The rating scale ranged from 0 (highly tolerant, with no apparent symptoms of acidic soil stress) to 5 (highly susceptible, in which the majority of plants in a plot were non-recoverable or dead). Jagger was usually scored as ‘2,’ and 2174 was usually scored as ‘3’. In comparison, the acidic soil-tolerant cultivar ‘Endurance’ was consistently scored as ‘1’ and the acidic soil-susceptible cultivars TAM 110 and Custer were consistently scored as ‘5.’ Using this rating system, the RILs and the check plots of Jagger and 2174 were scored across multiple developmental stages. Readings were taken at Enid on November 2, 2007 (Feekes 3.0), November 3, 2008 (Feekes 3.0), February 6, 2009 (Feekes 4.0), and March 17, 2009 (Feekes 6.0–7.0), and Stillwater on May, 18 2009 (Feekes 11.0).

Approximately 1500 pairs of simple sequence repeat (SSR) primers for genome-wide markers were selected to screen the parents, and 400 SSR markers were eventually mapped in the Jagger × 2174 RIL population; however, no SSR marker was mapped with linkage to a gene on chromosome 4DL for tolerance to acidic soils. A high-throughput array to interrogate 9000 gene-associated single nucleotide polymorphisms (Wheat 9K iSelect SNP assay) in wheat was developed to detect key genomic regions (Cavanagh et al. 2013). The population of 144 Jagger × 2174 recombinant inbred lines (RILs) was genotyped using the 9K SNP markers to saturate the previous SSR genetic maps.
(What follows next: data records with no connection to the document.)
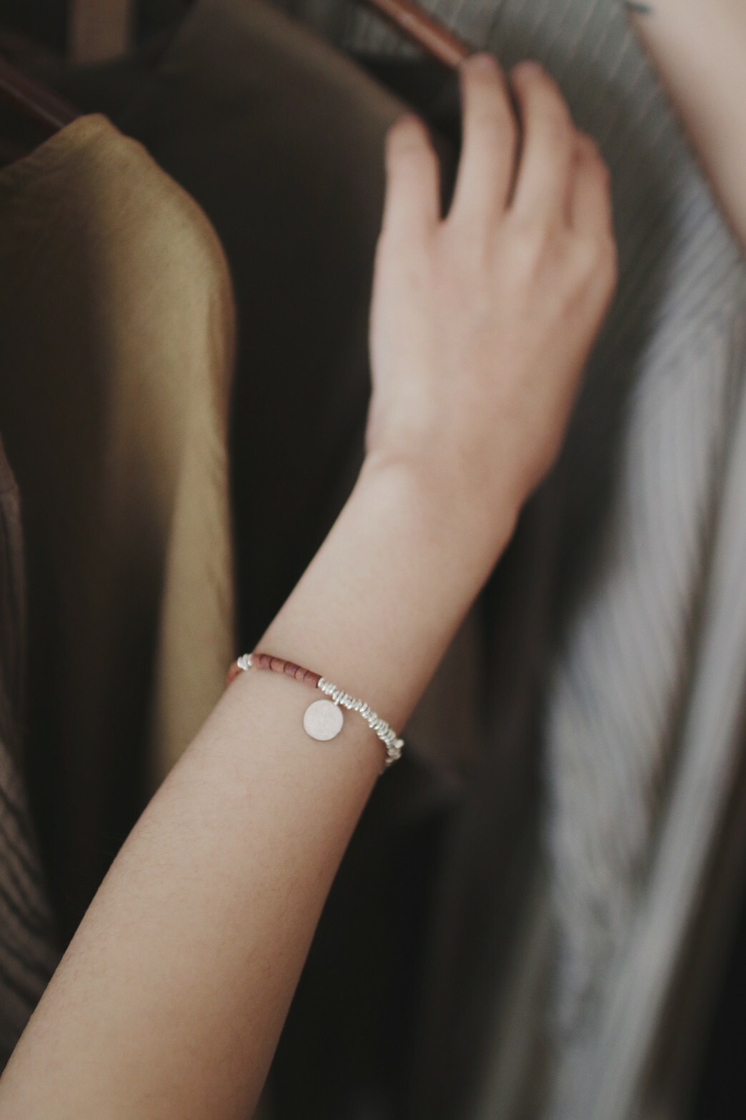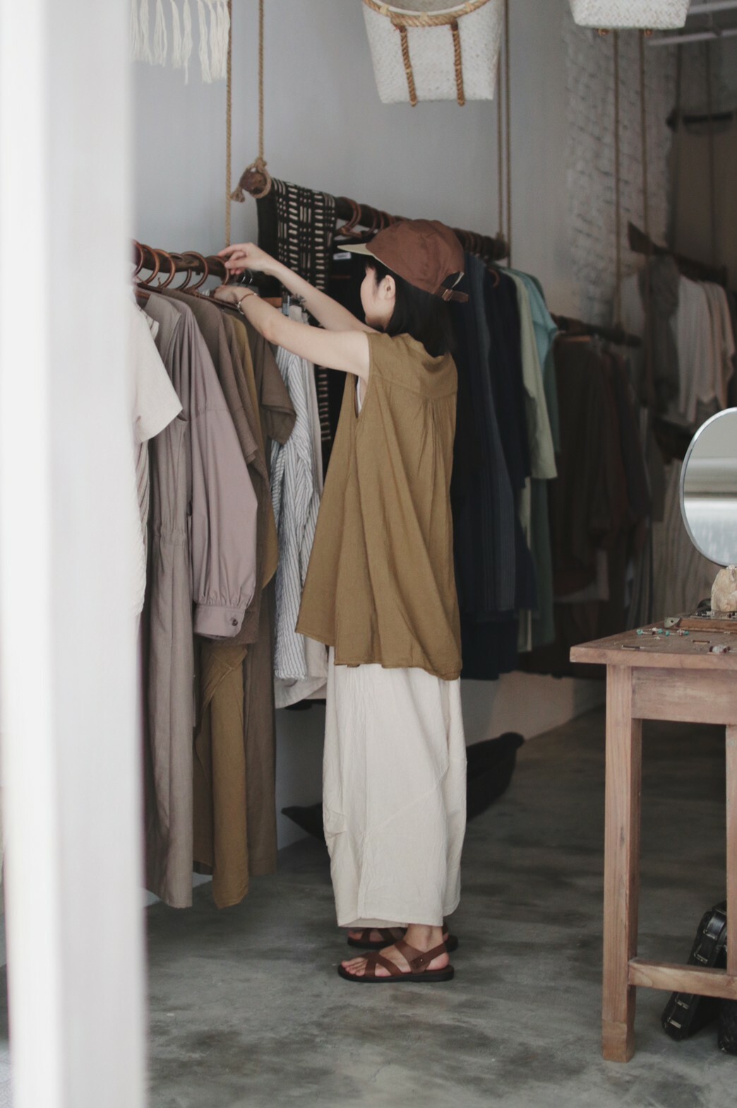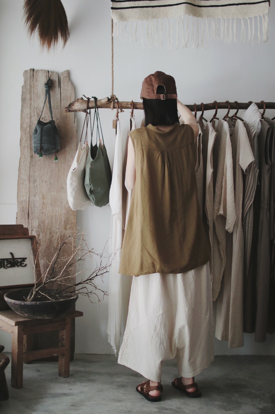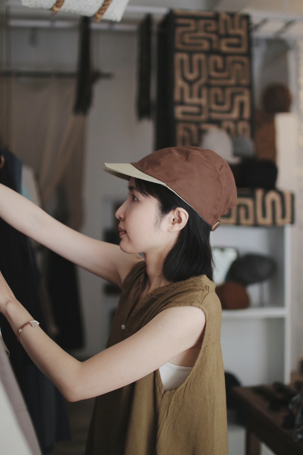 最後點綴深褐色帽子、棕色皮涼鞋、與大地質感的陶珠純銀飾品,讓整體更有層次,適合活潑中性的風格。
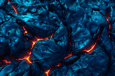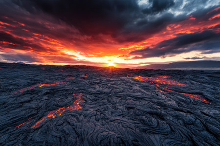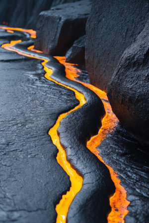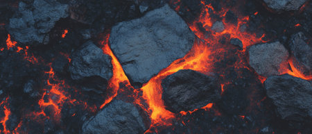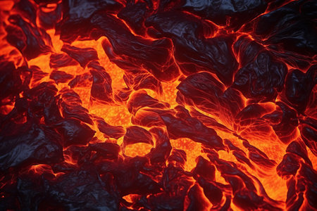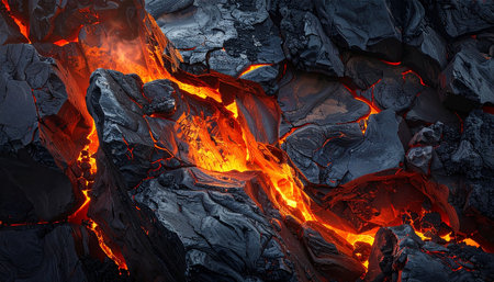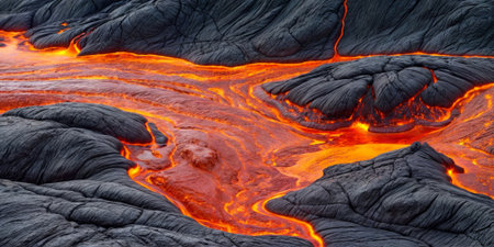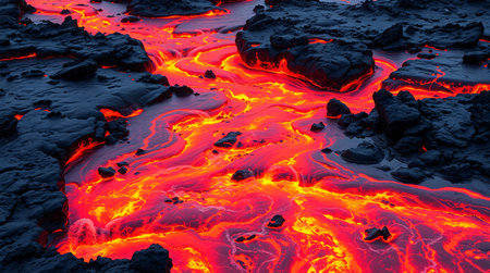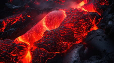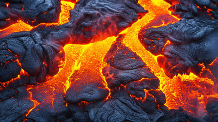 A Dramatic volcanic lava flow with glowing red and black textures creates mesmerizing and intense natural scene
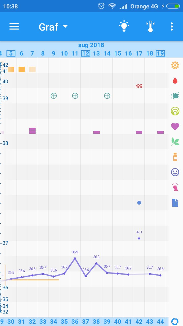 Ahojte prosim o radu co si myslite o mojom grafe? 15.8. Som bola u svojej gynekologičky a povedala mi že mám krásny veľký folikul ktorý podľa nej uz praskne v ten deň som mala podbruska bolesti citila som ze dnes bude ovulacia lebo aj teplotu v daní deň mám vždy nizku nasvedčuje aj teplota od 16. Az do dnes ratala som ze uz mi vyznaci ovulku lebo mám vysoke teploty a nic aj dnes 36,98 co su presne u mna teploty po ovulke je to zvlastne stretli ste sa niektora s tymto ďakujem za každú radu 🙂
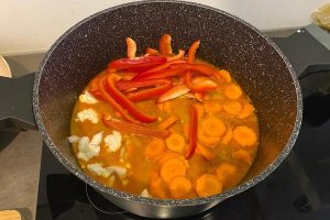6. Doe de bloemkoolroosjes, winterpeen en rode paprika in de pan en bak het een paar minuten mee. Schep het goed om zodat de kruiden goed verdeeld worden.
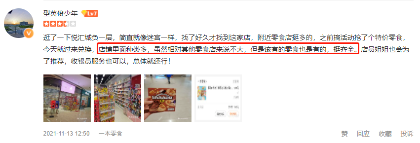 網(wǎng)友評(píng)論一本零食,店鋪不大,但種類多,品類齊全 ▼
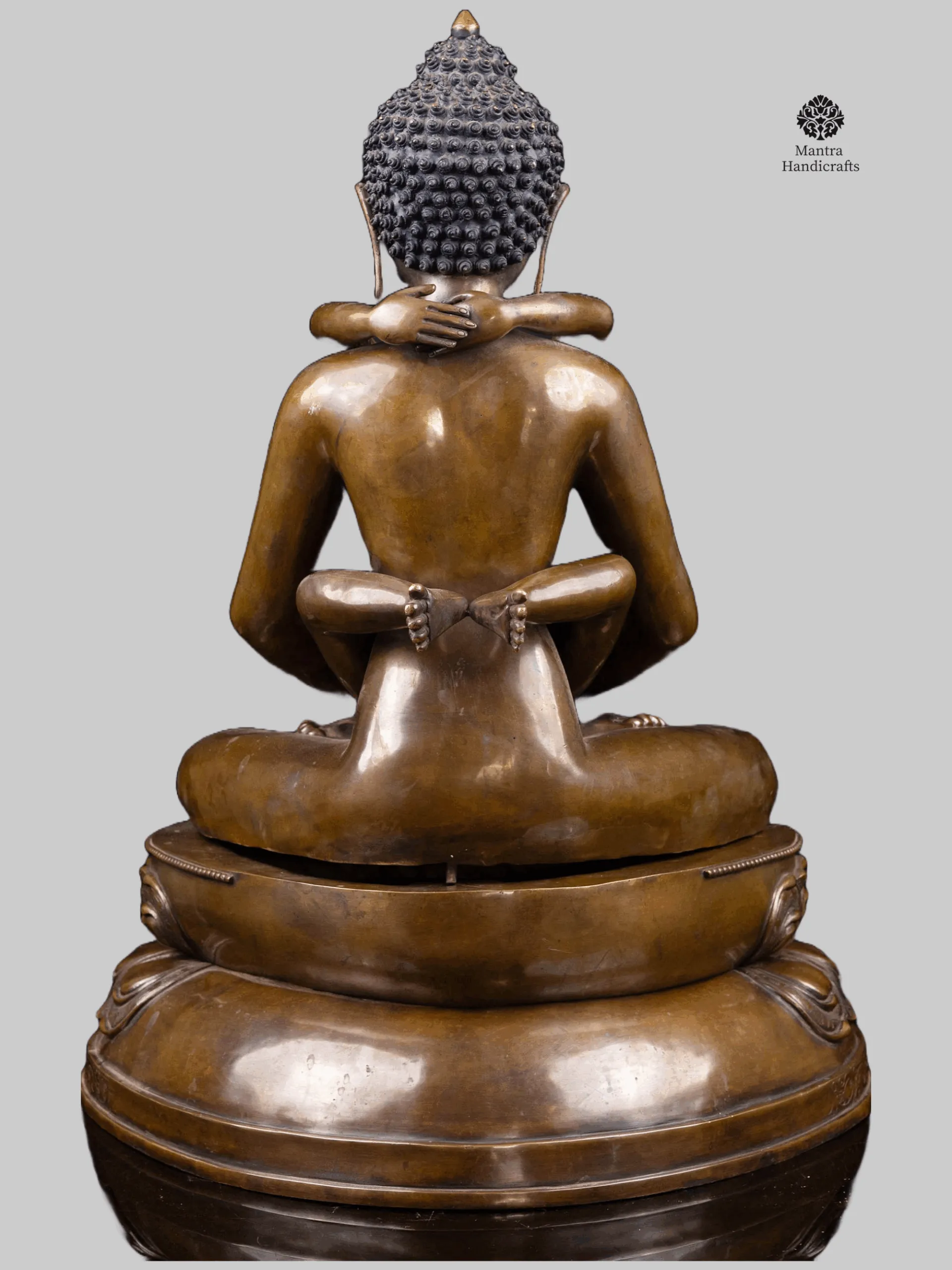 The statue’s double base design adds stability and visual balance, while also symbolizing the foundation of spiritual awakening and the unity of wisdom and compassion. Every curve and contour of this statue has been carefully sculpted by skilled artisans, reflecting a profound dedication to traditional techniques combined with artistic innovation. The chocolate oxidized surface not only gives a warm, earthy tone but also highlights the delicate engravings, conveying an aura of serene power and timeless beauty.

Those SNP markers that had less than 20 % missing data were selected for final genetic maps, and the 8-digit SNP codes served as the reference number for each SNP. The SNP mapping method was described in a recent study (Li et al. 2013). Briefly, the SNP markers were used to make linkage groups using JoinMap 4.0 (Van Ooijen 2006), and the interval mapping program was run to locate QTLs for the acidic soil tolerance using MapQTL 6.0 (Van Oojjen 2009). The SNP markers in the targeted region were integrated with SSR markers mapped in previous studies, and the Kosambi mapping function was used to estimate the distance among the markers within the targeted QTLs using MapMaker 3.0. The interval mapping program was run to locate QTLs for the acidic soil tolerance using WinQTL Cart 2.5. Logarithm of the odds (LOD) threshold for significance was 2.5 for the presence of a putative QTL. Maximum LOD values were used to estimate QTL peak positions.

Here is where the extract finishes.